Jones’ group is following in the footsteps of various conservative groups that have taken steps, including monitoring professors, to counter what they regard as an overwhelming leftist tilt at elite colleges and universities around the country. He said many of these efforts, however, have done a poor job of documenting their claims. As a result, Jones, said, the Bruin Alumni Assn. is offering to pay students for tapes and notes from classes.

“We’re just trying to get people back on a professional level of things.

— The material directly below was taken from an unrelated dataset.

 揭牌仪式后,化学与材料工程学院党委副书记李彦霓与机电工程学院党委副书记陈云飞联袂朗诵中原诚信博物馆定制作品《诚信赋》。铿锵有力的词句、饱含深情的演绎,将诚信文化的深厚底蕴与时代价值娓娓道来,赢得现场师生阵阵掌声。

Having been a student myself up until 2003, and then watching what other students like myself have gone through, I’m very concerned about the level of professional teaching at UCLA,” said Jones, who said he is supporting himself with a modest salary from the organization and is its only full-time employee.

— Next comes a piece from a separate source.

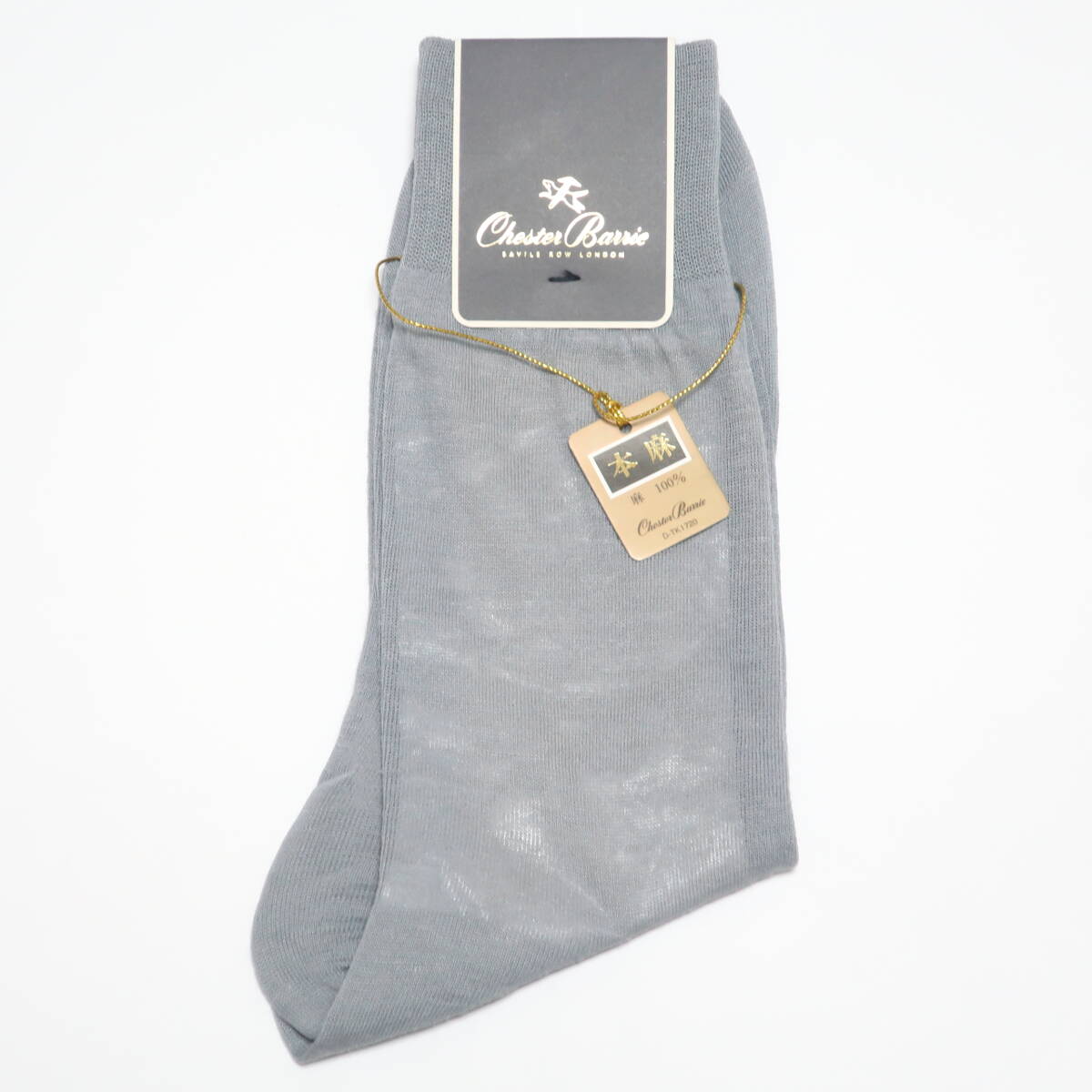 - チェスターバリー 麻100% 靴下 グレー 日本製 本麻 ソックス 紳士 メンズ 薄手 夏物 イギリス サヴィルロウ シースルー chester barrie

He said he plans to show what he considers biased material to professors and administrators and seek to have teachers present more balanced lectures or possibly face reprimand.

UCLA administrators say they are planning no immediate legal action, other than to notify Jones and to alert students that selling course materials without the consent of the instructor and Chancellor Albert Carnesale violates university policy. Patricia Jasper, a university lawyer, said UCLA would reserve the right to take legal action if any students engaged in unauthorized selling of materials.

Adrienne Lavine, chairwoman of UCLA’s academic senate, agreed that the university could do little more at this point. She said she found the profiles on the alumni group’s website “inflammatory” and “not a positive way to address the concerns that Mr. Jones has expressed.” Still, she said, “I certainly support freedom of speech and that extends to Andrew Jones as much as it does to every faculty member on campus.”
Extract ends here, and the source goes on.